There are also moments when you get to a gas station. Camping stove works on gasoline and every now and then you have to fill up your fuel bottle. It’s just that this is not always a straight-forward procedure as we manage to reaffirm yet again the other day. A lady was observing us from a distance as some sort of an attraction but only approached when we went to search for her and ask her to attend to us. Since they are used to filling up motor and car fuel tanks, they seem to have troubles adjusting to the fact that a one litre bottle that I’m carrying with me gets full much, much sooner. So you have to warn them to fill it up slowly and not all the way. This does not always help. That time I manage to stop here just in time to prevent a fuel shower since the lady was incapable of stopping the pump in time. Sometimes you are not as lucky.
Also shopping is not always a simple and stress-free task. If you do manage to be lucky and you are the only customer, meaning that the vendor is only attending you and not four other persons, then you have managed to eliminate a common cause of a stressful situation in shopping.

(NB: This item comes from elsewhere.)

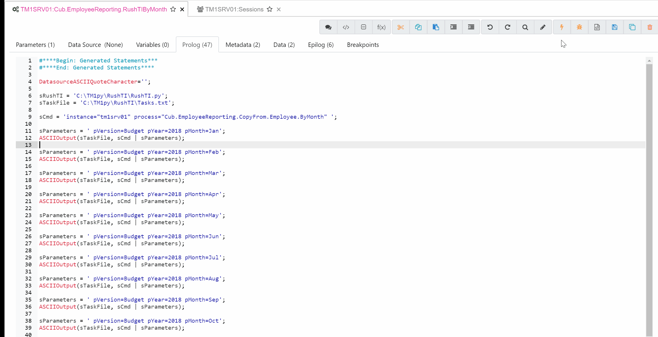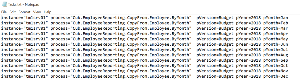 sTaskFile = 'C:TM1pyRushTITasks.txt'; sCmd = 'instance="tm1srv01" process="Cub.EmployeeReporting.CopyFrom.Employee.ByMonth" '; sParameters = ' pVersion=Budget pYear=2018 pMonth=Jan'; ASCIIOutput(sTaskFile, sCmd | sParameters);

This however does not guarantee you a simple procedure. What can happen is the following:
“What do you want?”
“Good day to you too. Do you have cigarettes?”
“No!”
You look around and you notice a display with an entire row of cigarette boxes in it.
“What about these ones here in the display?”
“Oh, these. I do have!”
Obviously you have to pay an exact amount as the lady either cannot be bothered to calculate or count the change she has to give back. I come out furious – again Peru!
And as was writing these lines, Andres came to me. He just went outside to buy some rice. He puts a can of fish in front of me. To my confusing look he answers, it was a gift from the shopkeeper where he was buying rice. Still confused I look at him and he explains that he basically went to the store to buy about half a kilo of rice. The shopkeeper asked him where he’s from, what he’s doing here and so on. And after he told him that he’s traveling on a bicycle and that there are two of us, the shopkeeper first put a bit more than just half a kilo of rice in a bag and added the two cans of fish. As a gift! – again Peru!
I would be able to turn this already long post into an even longer if I was to write down all the moments when I experienced the kindness of the local people. From places to sleep when a family accepts us into their modest home and basically vacates a child’s room just so that three cyclists have a warm place with a roof over their head that they can sleep in whilst outside it’s pouring rain. Or when… No, I really cannot write down all the kindness. I am however extremely grateful for it.

I’m finishing this text behind the same desk in the same hostel, still in Huaraz. Still listening to music it’s just that the coffee has been by now replaced by a tea from coca. Apparently it helps you adjusting to the altitude, beats the weariness and so much more. I like it because it’s hot.